(INFORMATION PROVIDED begins)
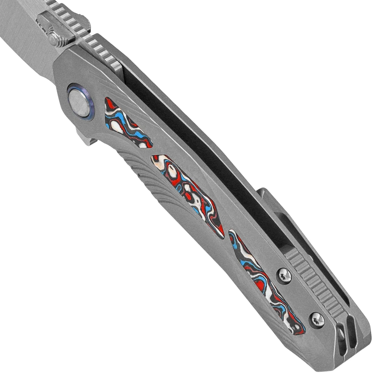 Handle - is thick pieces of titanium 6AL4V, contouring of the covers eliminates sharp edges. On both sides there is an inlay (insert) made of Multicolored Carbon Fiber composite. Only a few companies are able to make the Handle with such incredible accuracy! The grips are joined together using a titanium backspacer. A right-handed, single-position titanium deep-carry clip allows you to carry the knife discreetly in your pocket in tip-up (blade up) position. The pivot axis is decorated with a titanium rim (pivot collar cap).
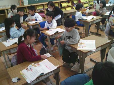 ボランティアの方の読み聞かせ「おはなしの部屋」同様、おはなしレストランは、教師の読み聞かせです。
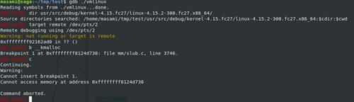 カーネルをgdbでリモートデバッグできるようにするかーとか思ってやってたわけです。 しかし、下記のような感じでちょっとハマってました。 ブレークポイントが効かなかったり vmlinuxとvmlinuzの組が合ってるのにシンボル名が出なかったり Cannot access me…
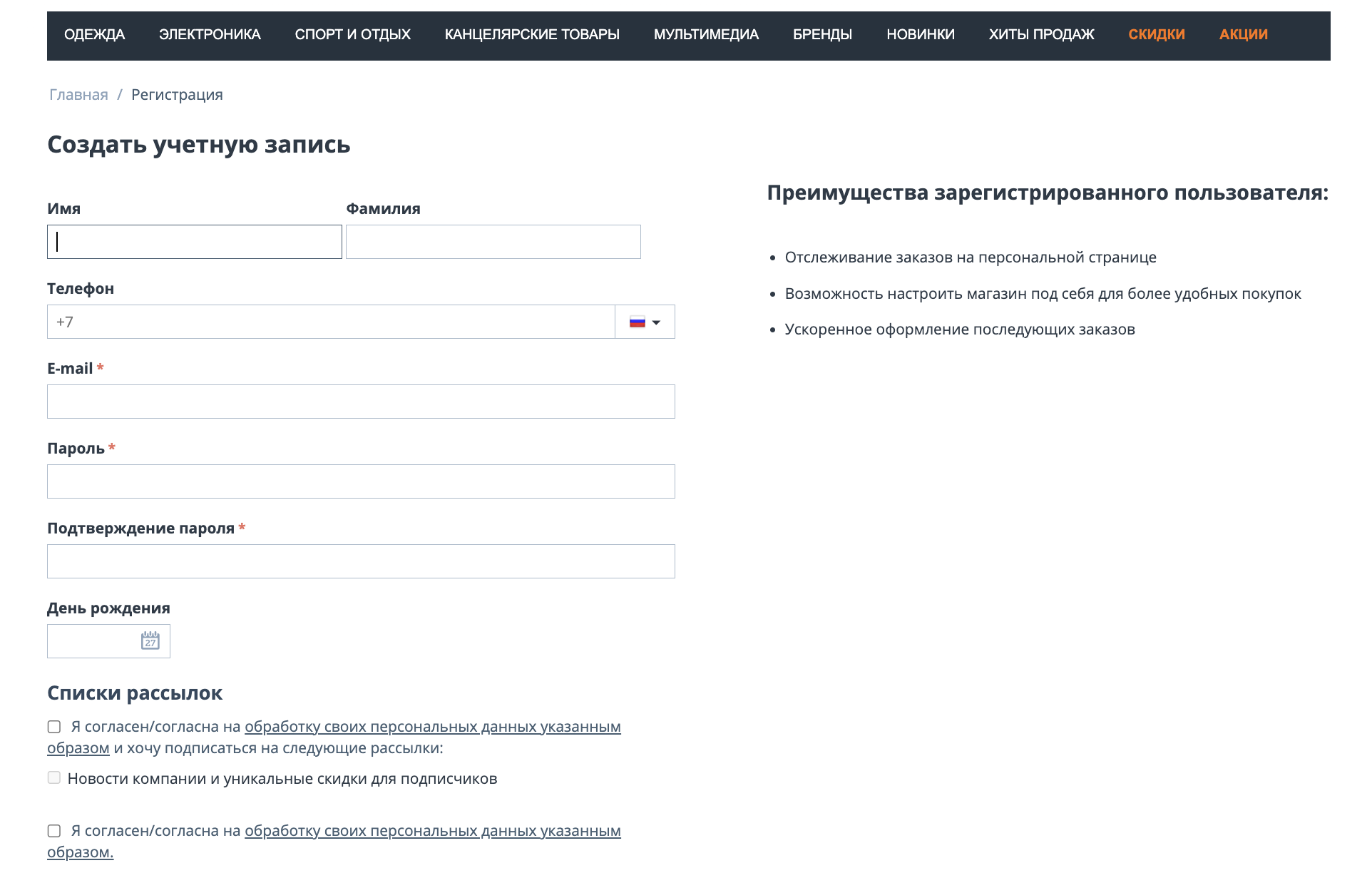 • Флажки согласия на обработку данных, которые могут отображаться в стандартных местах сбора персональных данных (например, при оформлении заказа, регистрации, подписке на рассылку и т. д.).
(INFORMATION PROVIDED ends)
(INFORMATION PROVIDED begins)
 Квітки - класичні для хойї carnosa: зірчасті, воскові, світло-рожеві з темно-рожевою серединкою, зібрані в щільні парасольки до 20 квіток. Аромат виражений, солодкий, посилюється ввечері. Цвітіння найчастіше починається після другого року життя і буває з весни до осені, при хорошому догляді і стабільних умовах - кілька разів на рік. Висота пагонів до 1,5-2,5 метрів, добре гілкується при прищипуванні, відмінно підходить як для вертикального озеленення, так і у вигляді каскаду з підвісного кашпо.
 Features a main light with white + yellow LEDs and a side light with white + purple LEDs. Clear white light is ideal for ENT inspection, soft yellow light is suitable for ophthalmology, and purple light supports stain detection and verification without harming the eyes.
(INFORMATION PROVIDED ends)
**WHAT THE EXERCISE ASKS**
Reproduce the lines above beginning at the line that contains "Handle - is" and ending at the line that contains "рассылку и т. д.).". No pictures.

**ANSWER TO THE EXERCISE**
 Handle - is thick pieces of titanium 6AL4V, contouring of the covers eliminates sharp edges. On both sides there is an inlay (insert) made of Multicolored Carbon Fiber composite. Only a few companies are able to make the Handle with such incredible accuracy! The grips are joined together using a titanium backspacer. A right-handed, single-position titanium deep-carry clip allows you to carry the knife discreetly in your pocket in tip-up (blade up) position. The pivot axis is decorated with a titanium rim (pivot collar cap).
 ボランティアの方の読み聞かせ「おはなしの部屋」同様、おはなしレストランは、教師の読み聞かせです。
 カーネルをgdbでリモートデバッグできるようにするかーとか思ってやってたわけです。 しかし、下記のような感じでちょっとハマってました。 ブレークポイントが効かなかったり vmlinuxとvmlinuzの組が合ってるのにシンボル名が出なかったり Cannot access me…
 • Флажки согласия на обработку данных, которые могут отображаться в стандартных местах сбора персональных данных (например, при оформлении заказа, регистрации, подписке на рассылку и т. д.).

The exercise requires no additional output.